I wonder if your struggle comes from that previous meniscus tear? Perhaps you are worried about another injury ? Slow running is good running & the fact you feel great at the end of the run proves it’s working for you. Have you added any Strength & Flex exercises in between to support your running & help prevent injury?? This may help you to relax, feel more secure on the runs and enjoy them more. I will pop in a link for you to look at!
Please keep posting and let us know how things are going. 🤗😊
Hey! It sounds as if the problem is a bit wider than running specific (that's okay, it's affecting your running so good to share here)
"Does anybody else get this?" sort of posts are *really* useful!
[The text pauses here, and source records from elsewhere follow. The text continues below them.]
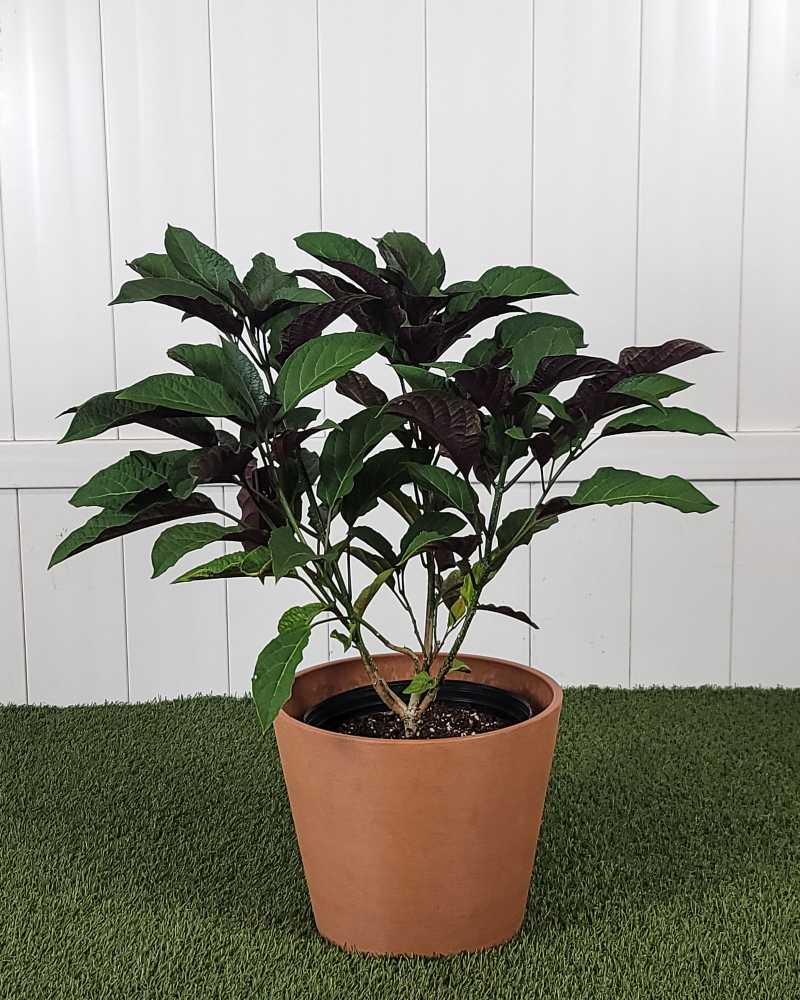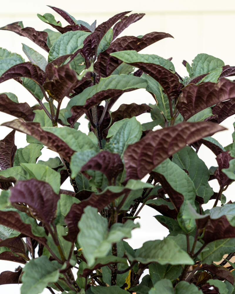 Overview: Starburst Clerodendrum, also known as Clerodendrum quadriloculare or Shooting Star, is an eye-catching shrub native to the Philippines and New Guinea. This tropical beauty features large, glossy green leaves with striking purple undersides, creating a stunning contrast that adds visual interest year-round. During the cooler months, it produces clusters of long, tubular white flowers with pinkish-purple tips, resembling bursting stars, hence its common name.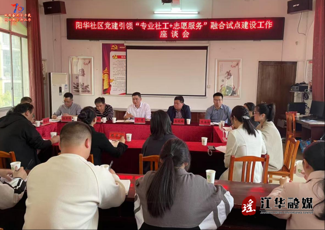 在座谈会上,文嵩听取了县委社会工作部关于全国党建引领“专业社工+志愿服务”融合试点工作的情况汇报。阳华社区党委负责人表态,在县委的领导和相关部门的支持帮助下,抓好“三个聚集、三个链接、三个突出、三个创新”,有底气、有信心把阳华社区建设成融合试点的典型社区。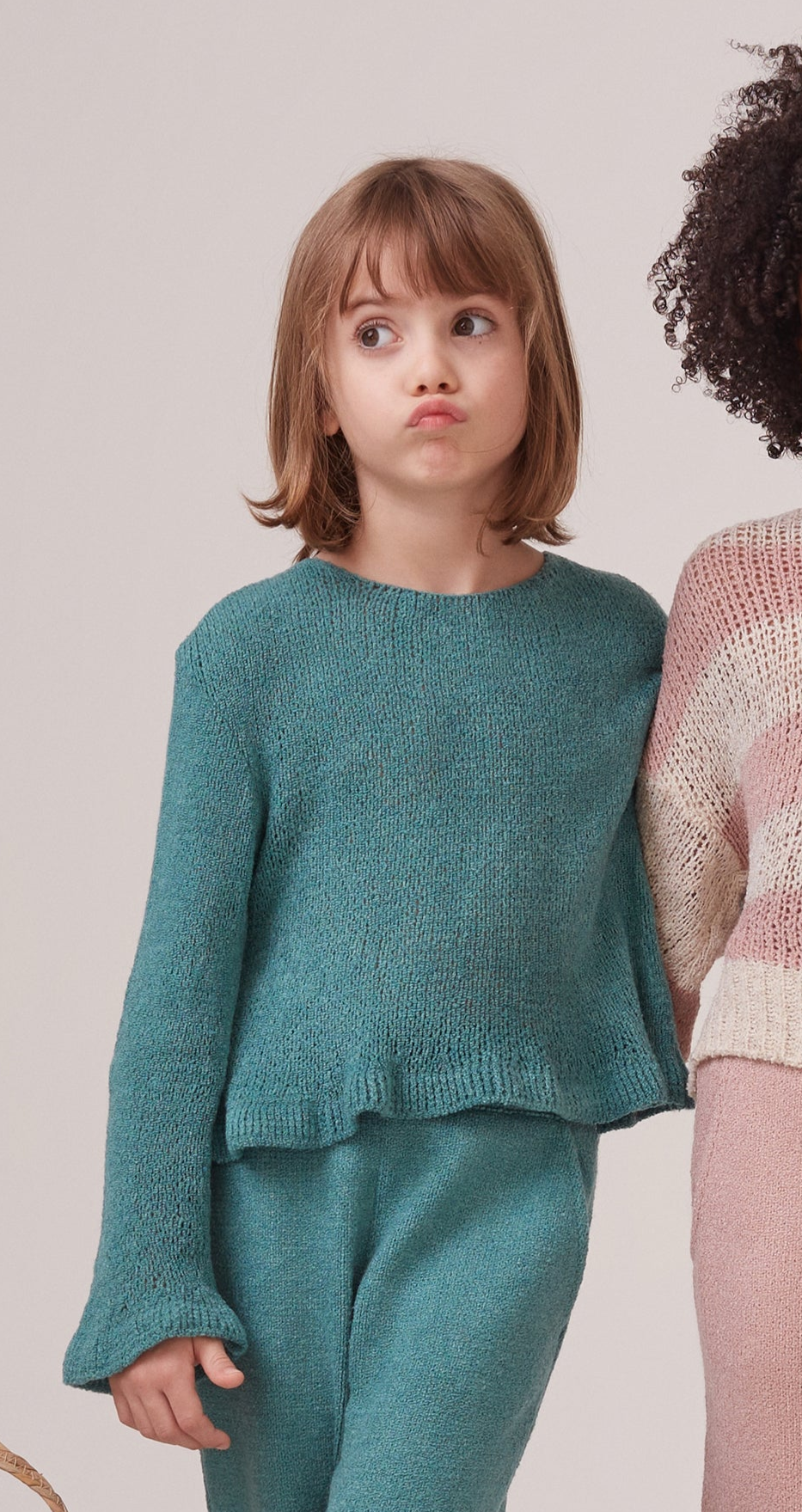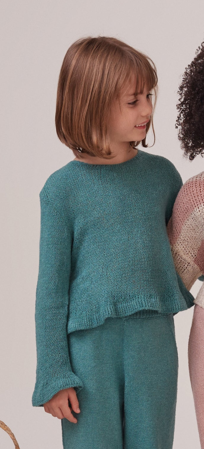 Blusa Infantil Manga Longa Detalhe No Punho Em Tricot Coral Azul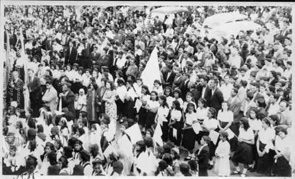 Toda esta atención es para el discurso del padre Buenaventura. 1949
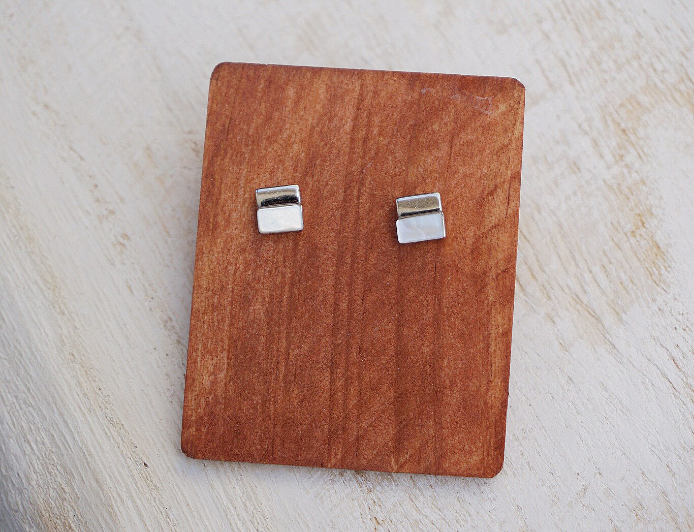 square stud earrings/sterling silver square stud earrings/shell stu...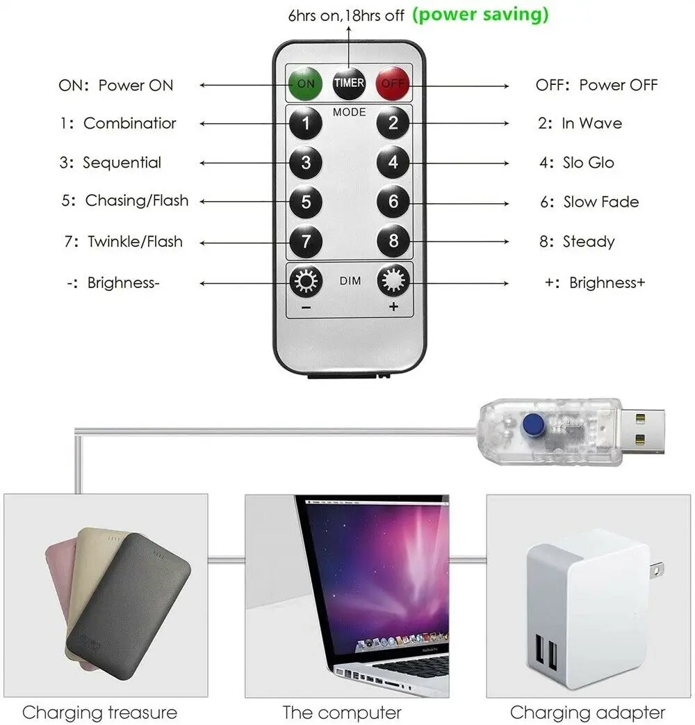 1. Комбинация 2. В волне 3. Последовательный 4. Переменный 5. Чеканка/вспышка 6. Медленное выцветание 7. Мерцание/вспышка 8. Стабильный Таймер: контроль времени, включение 6 часов и выключение 18 часов циркулярно каждый день тусклый-: Темный тусклый +: яркая посылка включает в себя: 5 м или 10 м/20 М медный провод светодиодный светильник с пультом дистанционного управления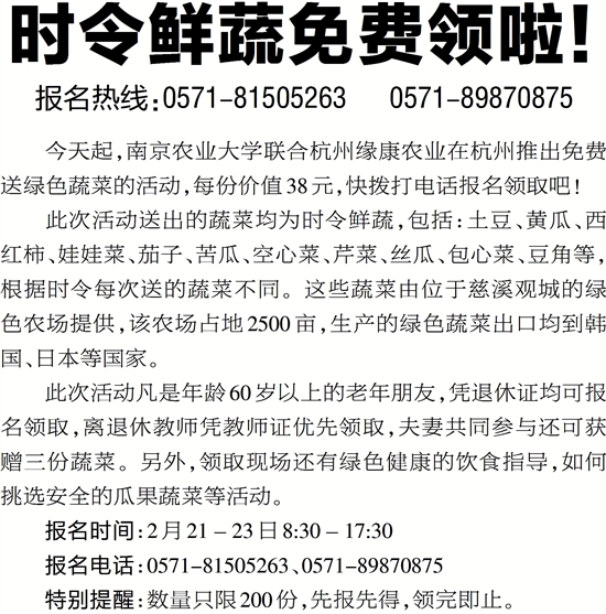 今天起,南京农业大学联合杭州缘康农业在杭州推出免费送绿色蔬菜的活动,每份价值38元,快拨打电话报名领取吧!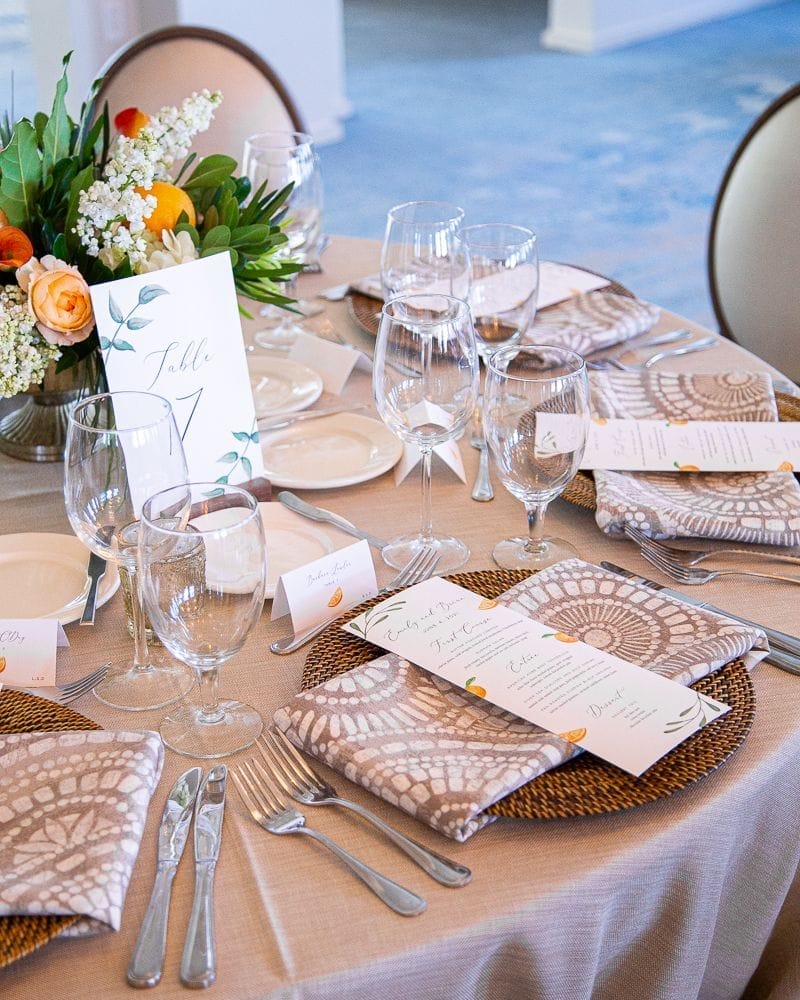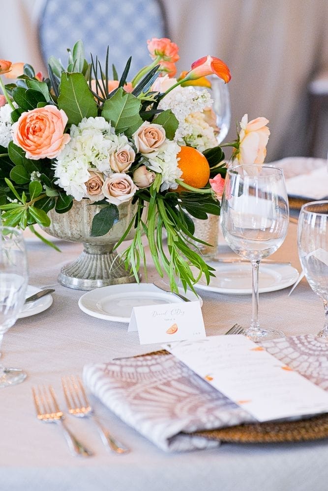 Accents of citrus made a sweet impression throughout this lovely wedding’s rehearsal, ceremony and brunch.
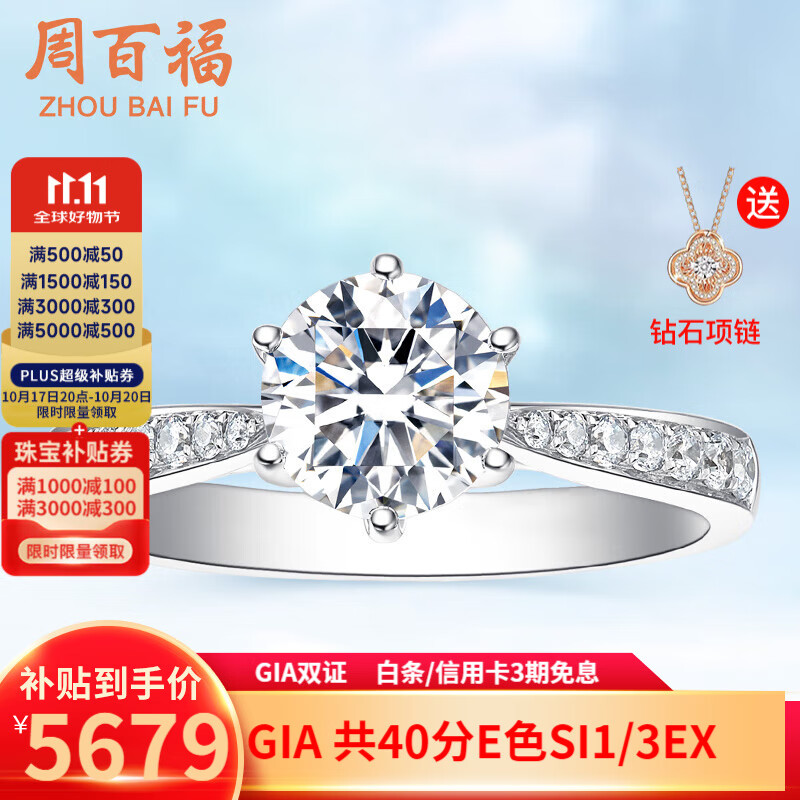 百亿补贴:周百福白18K金钻戒 结婚求婚钻石戒指女gia裸钻定制六爪真钻情人节礼物 【GIA双证】主石40分E色VS2/3EX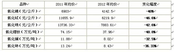 2012年我國國內(nèi)稀土價(jià)格均價(jià)全線下滑,無論是經(jīng)濟(jì)價(jià)值較高的氧化鏑、氧化鋱、氧化銪,還是供應(yīng)較為充足的氧化鐠釹、氧化鑭、氧化鈰,2012年全年均價(jià)同比普遍下跌都在40%左右(見以下圖表),可謂“一落千丈”。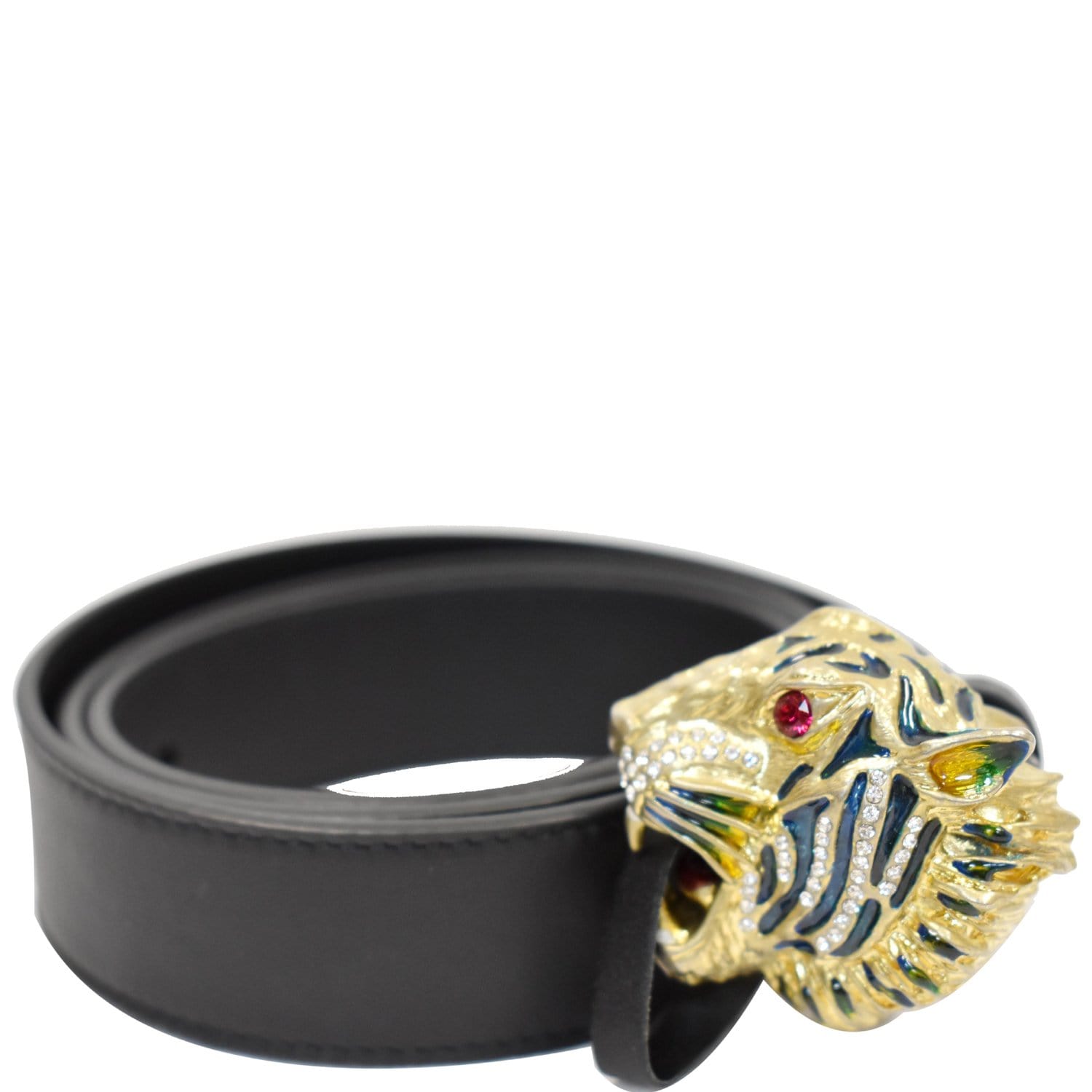 Gucci Tiger Head Leather Belt Black Size 85/34

There do seem to be some people who don't 'enjoy' running at the time but enjoy the benefits of it and how they feel when they've finished. There might be another way to look it it - yes it is lovely to enjoy running but that can't be forced and sometimes focussing on the 'how you'll feel afterwards' is what is needed. There are lots of things we do, and don't want not to do, that perhaps aren't especially enjoyable every time (or that much at all)... they are just part of our lives and I think that's how regular running often works.
Lots of us aren't that keen on running with others (I am definitely one, but like you, I am a bit 'Parkrun curious' all the same) Being able to run by yourself rather than always needing someone to go with you is a real blessing.
But it sounds to me as though your difficulty is precisely that you are not running alone, you are running with a voice in your head or on your shoulder wittering away unhelpfully and getting between you and enjoyment. So... the question is how to get that voice drowned out or sent on its way? Seriously you could just say "Go away" Do you run with music? Could you try a spoken word audio accompaniment if you are using the app format - if you are engaged with a story or a conversation there might be less room for all these unhelpful thoughts?
Hi, I posted a very similar message a couple of weeks ago and got absolutely brilliant responses which have really helped me. The main gist was: don’t tell yourself this is going to be horrible (my little voice always did this) and GO SLOW! I thought I was already going at a snail’s pace but found I could actually go down another gear and guess what? For the first time I started to enjoy it, I wasn’t out of breath or thinking about the end of the run.
The most difficult bit for me is to stop worrying about what others might think as I trundle along slowly. I am gradually persuading myself they don’t matter and the main thing is that I am out there getting fitter. It’s not easy, that little voice is quite loud when it gets going! But it is worth it.
Not bad! I went yesterday and felt bit breathless but happily got to the end of my 30 mins (am on week 9) and then found I had actually gone faster than before without realising it, hence the puffed-out feeling!! I still have to consciously tell myself "I can do this and it won't be horrible", am hoping that over time I won't have to do this and I will get proper enjoyment! How about you?
🍏🙌 Wow closing in on graduation now! I do hope you have a run that you really enjoy soon. I had a lovely sunshiny run today. Made up for all the cold rainy days!! I still mostly run slowly because that’s the way I enjoy it!I love being out in the fresh air! One of these days you will be the same!
I started running during lockdown so all my runs for the first year or so were solo efforts.
I totally agree with the feeling of not wanting to do it before, the feeling of "What on earth am I doing this for? I'm not worthy." during the run itself and the sense of relief and achievement that follows the run.
If you're putting pressure on yourself to achieve certain goals or match past achievements, don't. That'll sap all the fun out of it.
One of the hardest things to learn is to take the pressure off yourself, go as slow as you need to, and take things easy during a run.
At this time of the year there are new smells, new sounds and new sights as nature comes to life again after sleeping through winter. If you're not noticing these things when out on a run you're missing out on a lot.